International Journal of Technology (Oct 2023)
Pre- and Post-Depressive Detection using Deep Learning and Textual-based Features
Abstract
The rise of mental disorders, specifically depression, has shown an upward trend, especially during the COVID-19 pandemic. Previous studies have suggested that it is feasible to learn the textual and behavioral features of a user to identify depression on social media. This paper highlights three new contributions, which are, firstly, to introduce Patient Health Questionnaire-9 (PHQ-9) as the survey-based method to complement the TWINT API to collect Twitter data. Secondly, it is to propose a Bidirectional Encoder Representations from Transformers (BERT)-based model, along with emoji decoding and PHQ-9-based lexicon features for predicting the likelihood that a user will exhibit depressive symptoms. The results are promising, achieving an F1 score of 0.98 on a baseline dataset and an F1 score of 0.90 on a benchmark dataset, outperforming previous researcher’s work of achieving a F1 score of 0.85 using solely textual features.
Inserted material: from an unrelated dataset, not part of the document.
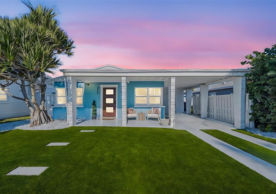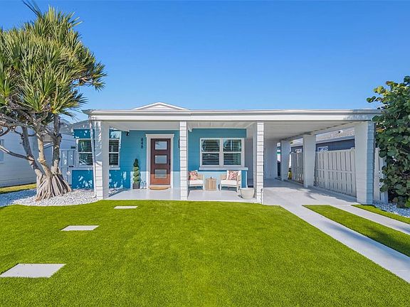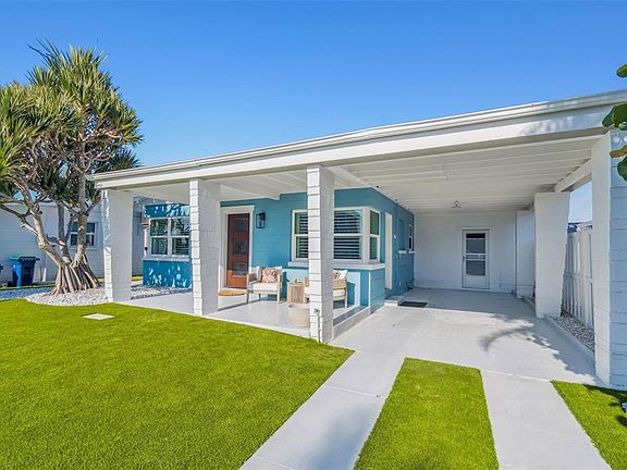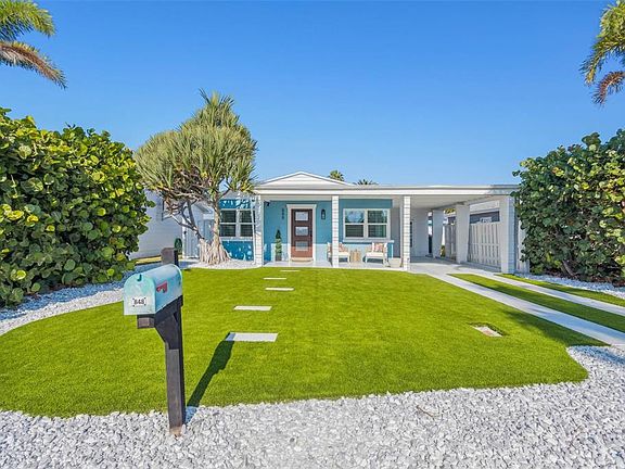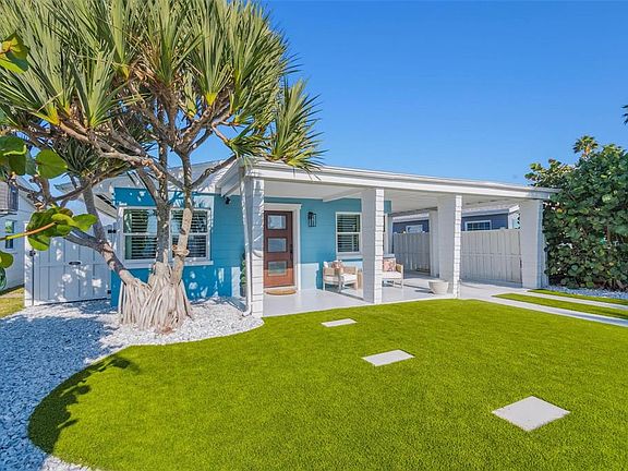 Welcome to your true Florida dream pool home, just four blocks from the Gulf of Mexico and located in the exclusive Surfside subdivision. This coastal retreat is an impeccably renovated home where every detail has been elevated with professional craftsmanship and interior-designer quality finishes. Nearly the entire home has been redone by Sierra Construction, creating a modern, elegant, and exceptionally low-maintenance living experience. Inside, enjoy wood-look tile floors throughout, remote-controlled ceiling fans, custom plantation shutters, recessed lighting, and five-panel solid wood doors with designer crystal hardware. The remodeled kitchen showcases quartz countertops, a farmhouse apron-front sink with a garbage disposal, soft-close drawers, under-cabinet lighting, and new stainless steel appliances (including a refrigerator with an ice maker and a custom dishwasher). Thoughtful touches include custom handmade barn doors, custom Container Store closets, a tankless hot water heater, and a 2022 roof equipped with hurricane straps. Step outside to your private oasis featuring a 2024 saltwater pool installed by Island Way Pools and a completely maintenance-free yard with premium turf from Everblade Turf Company. Additional highlights include hurricane-impact windows, a high-end front entry door, French doors with inset blinds, a vinyl shadowbox fence, 2 car carport with enough parking for three cars, and extra storage. The private hot-and-cold outdoor shower is perfect after a day at the beach. This solid block home is energy-efficient with added attic insulation. Nestled on Little Punkin Key, the community is surrounded by the intracoastal waterway, and the sandy shoreline is only blocks away. Along with nearby public access, residents enjoy an exclusive private Surfside Beach Club with private beach access, parking for members, a shower, and benches for just $40 annually. This immaculate, professionally designed, fully updated 2-bedroom coastal gem is offered with custom furniture if desired. Live the Florida seaside lifestyle—your dream home awaits.
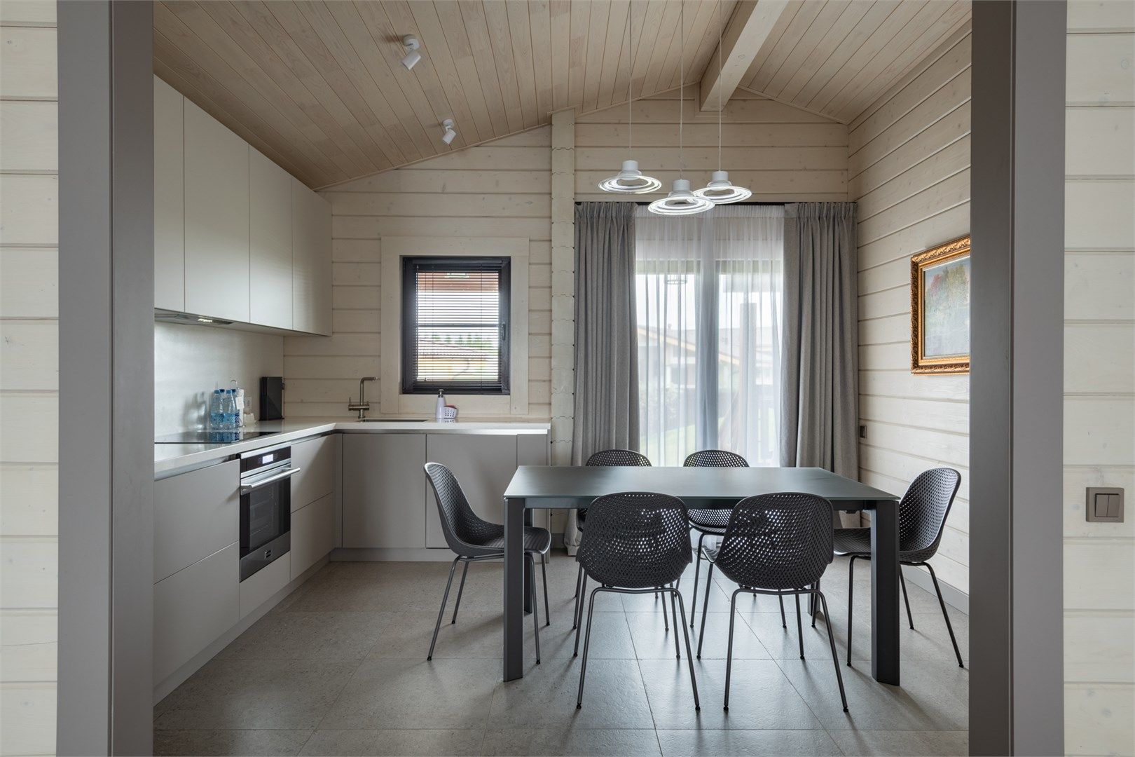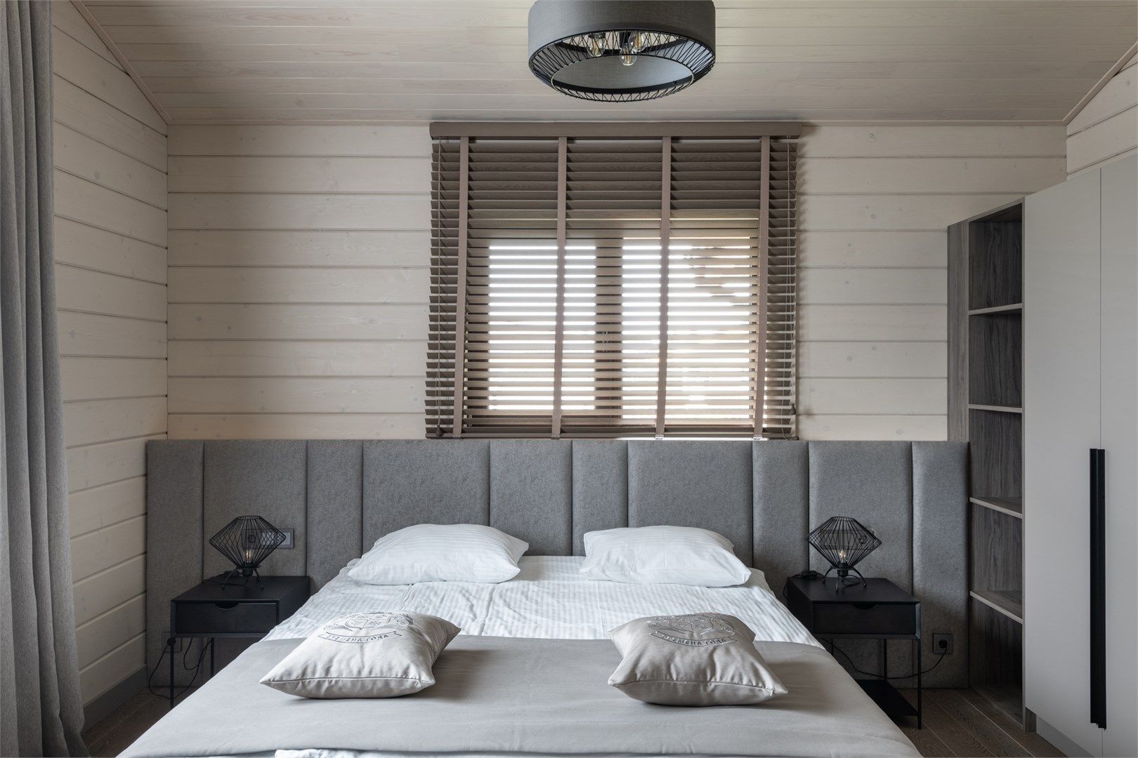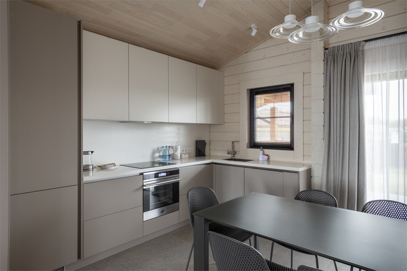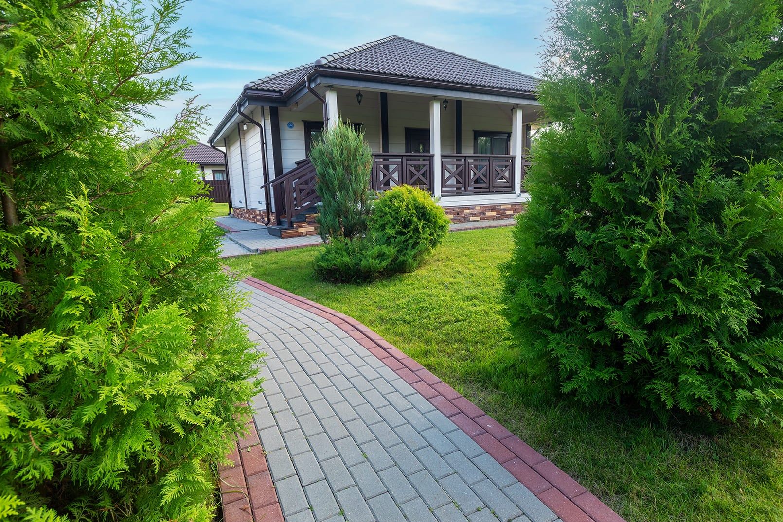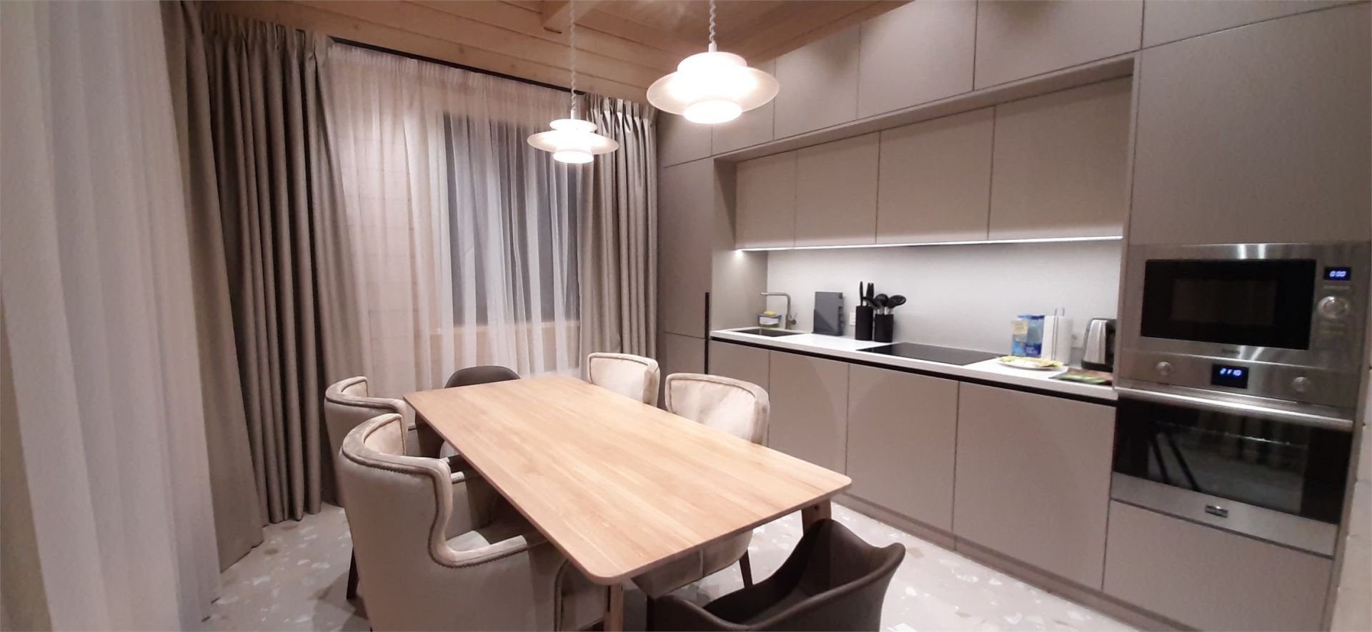 Коттедж площадью 94 м2 с мебелью в светлых тонах (2 спальни с кроватями Queen size, кухня, гостиная, прихожая, холл, санузел с душевой кабиной, туалетная комната, просторная терраса с садовой мебелью).

Thirdly, previous researcher’s work focuses on differentiating between depressed and non-depressed users only, while this paper further separates the users in the depressive class into before (pre-) and after (post-) self-reported diagnosis, which can potentially be used to detect early symptoms of depression. It was found that the top TF-IDF scores of the post-depressive class contain more frequently negatively implied words compared to the pre-depressive class.